_Dataset records_

★ ★ ★ ★ ★ ★ ★

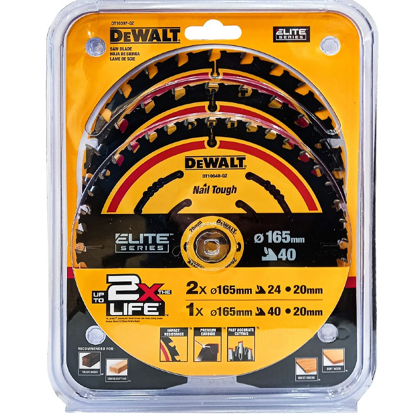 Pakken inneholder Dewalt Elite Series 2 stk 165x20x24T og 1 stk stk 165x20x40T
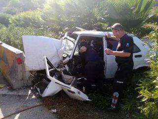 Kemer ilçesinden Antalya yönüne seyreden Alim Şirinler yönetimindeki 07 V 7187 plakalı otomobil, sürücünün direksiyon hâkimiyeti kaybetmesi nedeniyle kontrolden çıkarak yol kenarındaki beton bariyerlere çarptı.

★ ★ ★ ★ ★ ★ ★

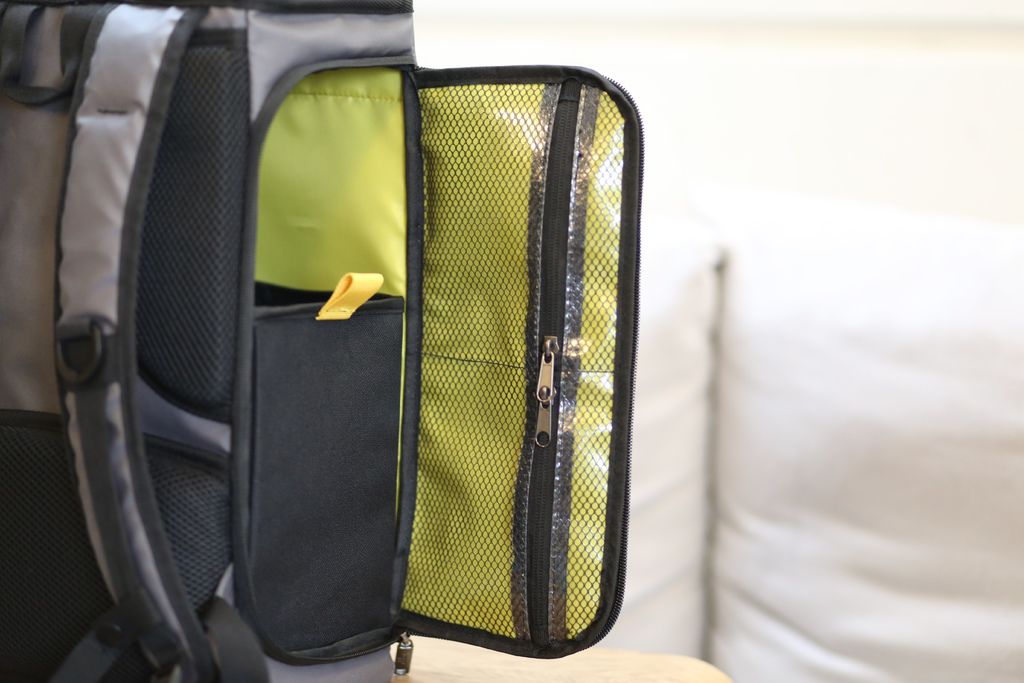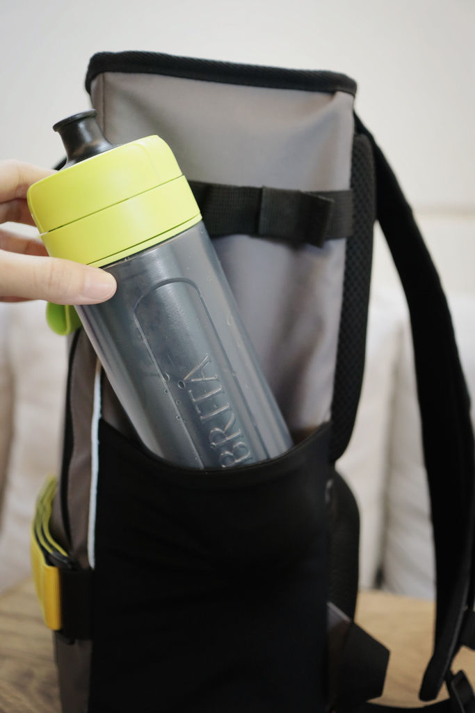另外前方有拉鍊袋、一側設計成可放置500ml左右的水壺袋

★ ★ ★ ★ ★ ★ ★

_What is being asked_
For the material above, give again only the lines starting at the line that contains "Pakken inneholder Dewalt" and ending at the line that contains "Kemer ilçesinden Antalya". Pictures do not belong in the copy.

_Your response_
 Pakken inneholder Dewalt Elite Series 2 stk 165x20x24T og 1 stk stk 165x20x40T
 Kemer ilçesinden Antalya yönüne seyreden Alim Şirinler yönetimindeki 07 V 7187 plakalı otomobil, sürücünün direksiyon hâkimiyeti kaybetmesi nedeniyle kontrolden çıkarak yol kenarındaki beton bariyerlere çarptı.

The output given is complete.